§ TASK OBJECTIVE: The records below are to be transcribed exactly, with the pictures removed.

====== SUPPLIED RECORDS

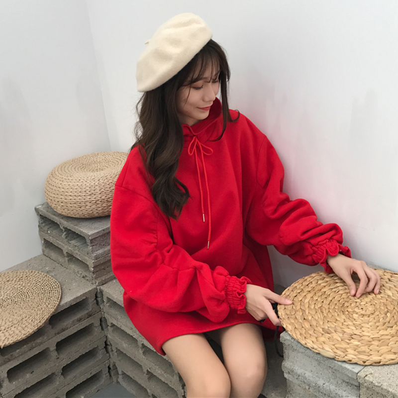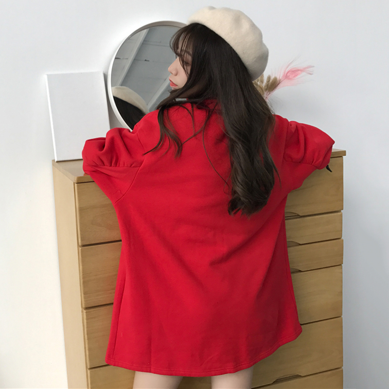/ 中長款立領系帶衛衣裙女秋冬裝2018新款韓版寬松泡泡長袖連衣裙子
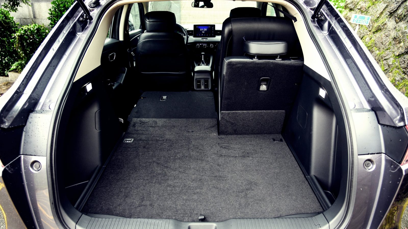 沒錯,改成俗稱“斜背”的車尾線條,就是這一代HR-V最大的變化,讓HR-V從原本的都市休旅風格,轉變成了都市“跑旅”,用比較容易理解的思維就是MAZDA CX-3與CX-30的區別。這樣的改變讓HR-V曾經引以為傲的空間表現打了折扣,光從數據上看,行李廂容積硬生生的從舊款的437公升減少到新款的390公升,後座頭部空間與視野也較上代有明顯壓迫感,並且連帶影響到行李廂的高度運用。
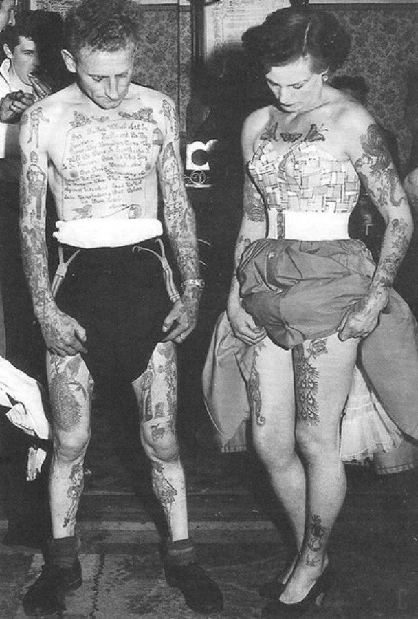 Члены Бристольского клуба татуировок. Великобритания, 1950 г
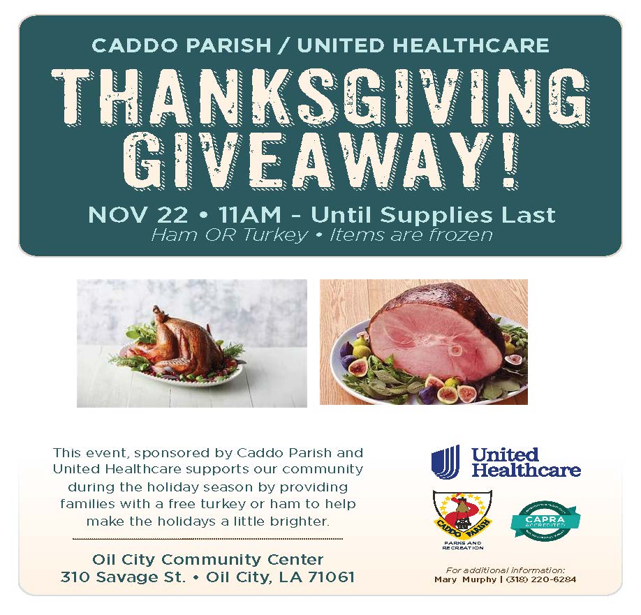 November 20, 2025Caddo Parish Parks and Recreation, in partnership with UnitedHealthcare, will host a Turkey & Ham Giveaway on November 22, 2025, beginning at 11:00 am and continuing while supplies last. 📍...
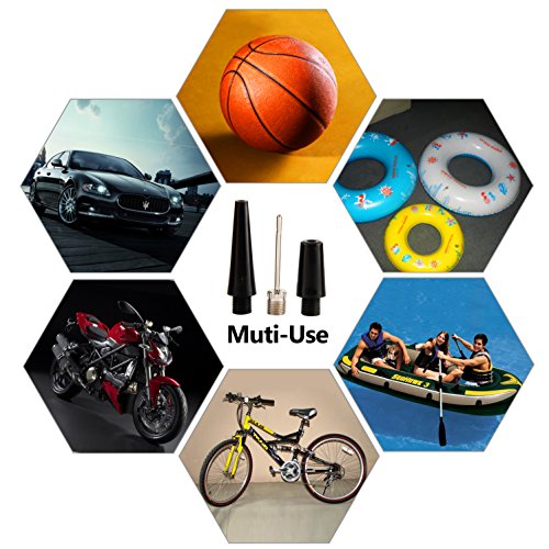 - Muti-Functional: Our tire pump comes with 3 different Nozzles, which makes it perfect for Car, Truck, Vehicle, Bicycle, Inflatable Rafts, Air Mats, and Sport Balls. Lightweight and portable size, keep your car equipped right now in case of emergencies

============

§ SOLUTION FOR THIS TASK:
/ 中長款立領系帶衛衣裙女秋冬裝2018新款韓版寬松泡泡長袖連衣裙子
 沒錯,改成俗稱“斜背”的車尾線條,就是這一代HR-V最大的變化,讓HR-V從原本的都市休旅風格,轉變成了都市“跑旅”,用比較容易理解的思維就是MAZDA CX-3與CX-30的區別。這樣的改變讓HR-V曾經引以為傲的空間表現打了折扣,光從數據上看,行李廂容積硬生生的從舊款的437公升減少到新款的390公升,後座頭部空間與視野也較上代有明顯壓迫感,並且連帶影響到行李廂的高度運用。
 Члены Бристольского клуба татуировок. Великобритания, 1950 г
 November 20, 2025Caddo Parish Parks and Recreation, in partnership with UnitedHealthcare, will host a Turkey & Ham Giveaway on November 22, 2025, beginning at 11:00 am and continuing while supplies last. 📍...
 - Muti-Functional: Our tire pump comes with 3 different Nozzles, which makes it perfect for Car, Truck, Vehicle, Bicycle, Inflatable Rafts, Air Mats, and Sport Balls. Lightweight and portable size, keep your car equipped right now in case of emergencies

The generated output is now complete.